といってここで映画紹介のまねごとしたり、評論する気はない。
ま、観てちょーだい、凄いから。
“スゴイ”じゃなくって、漢字の“凄い”がぴったりの映画なのである。
ひっそりとした佇まいながら強烈であり、不愉快と浄化、憎悪と愛が表面張力のごとく緊張し合う。
1976年の“They Came From Within=人喰い生物の島”をはじめて観た時の衝撃から30年。
途中、クローネンバーグ作品が店主のたしなみとは別の味付けで料理されるようになり、裸のランチからこっち、あまり気にとめなくなっていたが、まさに“ヒストリー”は“人喰い”の監督が正しく、美しく、年を重ねた結果の映画だと感心させられた。
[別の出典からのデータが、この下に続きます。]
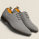 Experience unparalleled comfort and style with our hand-lasted herringbone canvas shoes. The breathable shell is crafted from fine herringbone cotton-linen canvas, ensuring a crisp look and feel. Each pair is stitched with surgical precision for durability and elegance.
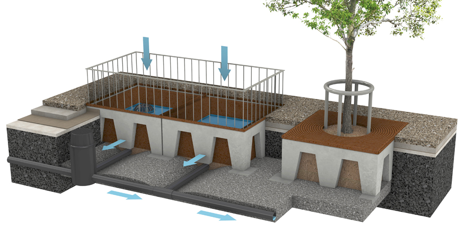 En lösning är att använda regnbäddar som fungerar som lagring och fördröjning av dagvatten. Vattnet hinner då filtreras eller rinna bort i lagom takt utan att det orsakar översvämningar.Kombinationen trädgropsfundament, trädgropsram och markgaller tar skonsamt emot punktlasterna vid trädets rot zon.
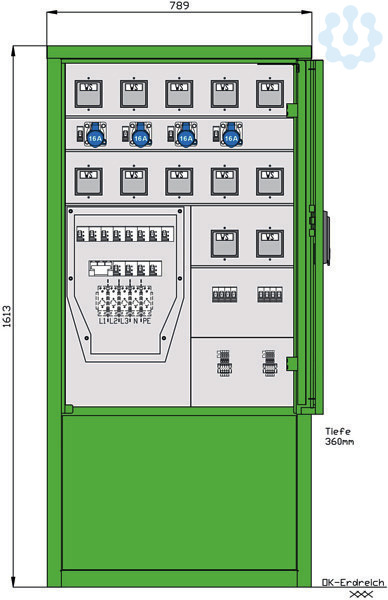 Gehäuse aus Edelstahl (Werkstoff 1.4301) mit Lackierung RAL 6017 -maigrün- mit Bodenflanschplatte und innenliegenden Bohrungen zur Befestigung mit Einfachtür und 3-Punkt-Stangenschloss sowie Schwenkhebel mit Profilhalbzylinder, Schließung G2123 sowie Kunststoff-Regenschutzkappe Einbauten bis einschl. RCD-Schutzschalter schutzisoliert vordere Blende zur Montage abnehmbar Kabelausführung bei geschlossener Tür möglich Schutzart: IP 44 Größe ca.: 1600 x 785 x 360mm / H-B-T
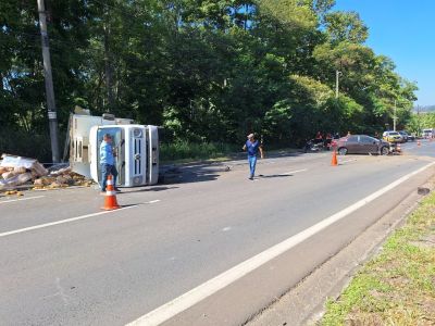O tombamento ocorreu após o caminhão ser atingido por um veículo de passeio Fiat Cerato. O carro ficou também com a frente bastante destruída. Um motociclista que passava pelo local no momento também acabou sendo envolvida no acidente, mas sem gravidade.
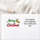 Étiquette avec Joyeux Noël en texte vert et rouge 3D et un renne. Customisez ceci avec votre propre adresse et utilisez pour envoyer des cartes et des cadeaux de Noël. Trois tailles étiquettes au choix.
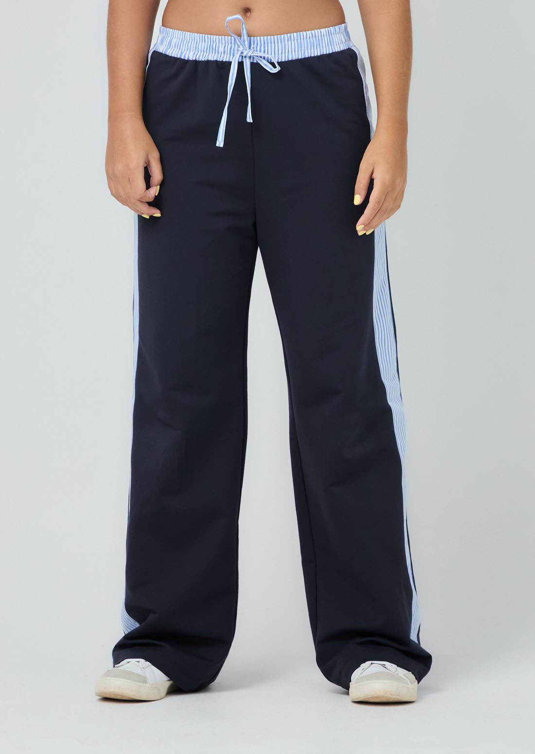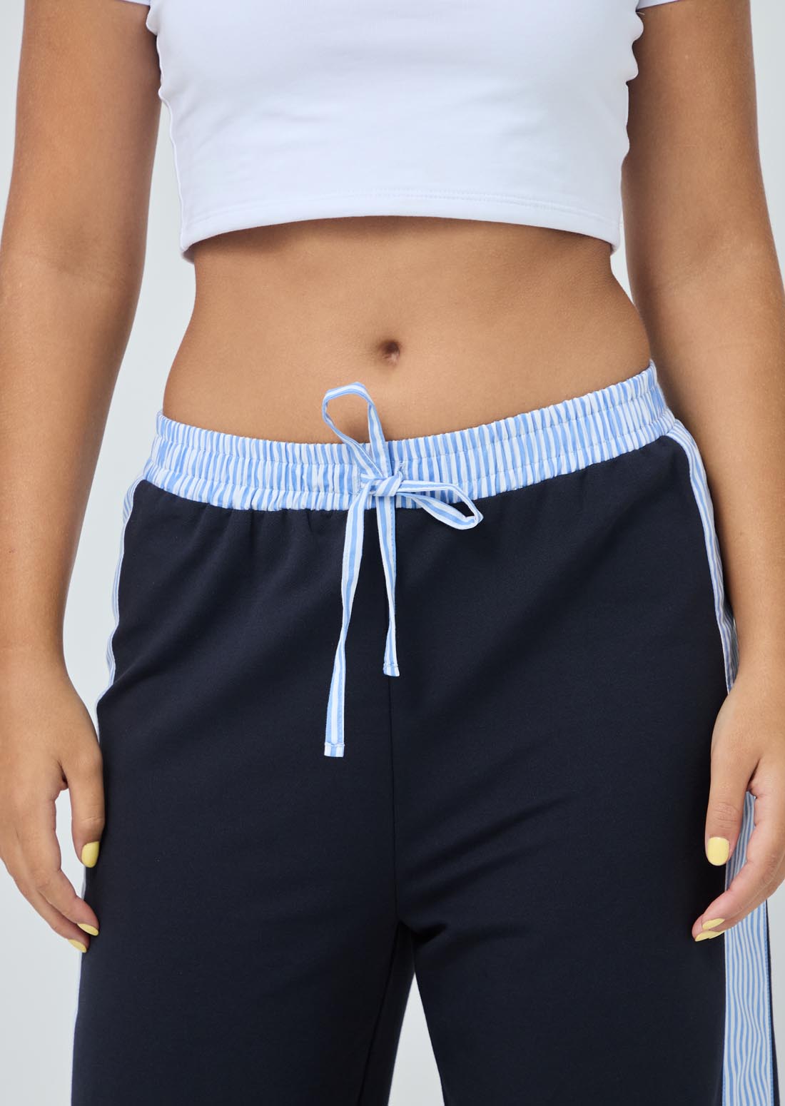 Pantalón tiro alto, color azul navy, piezas en contraste de color y cordón ajustable para jóvenes.

絵がないのもさびしいような気がしたので、左に1980年代に講談社から出版された店主のヒストリー・オブ・SF映画(フィルム・ファンタスティック)の表紙を並べてみた。
イラストレーターの杉山真さんにお願いして描いてもらったバタ臭い表紙絵は店主のお気に入りで、たとえば70年代後半に作られた“人喰い”はハン・ソロの表紙本に収録されていると、即答できるところなどは、やっぱり著者ならではというか、エクス(元)マニアの面目躍如である。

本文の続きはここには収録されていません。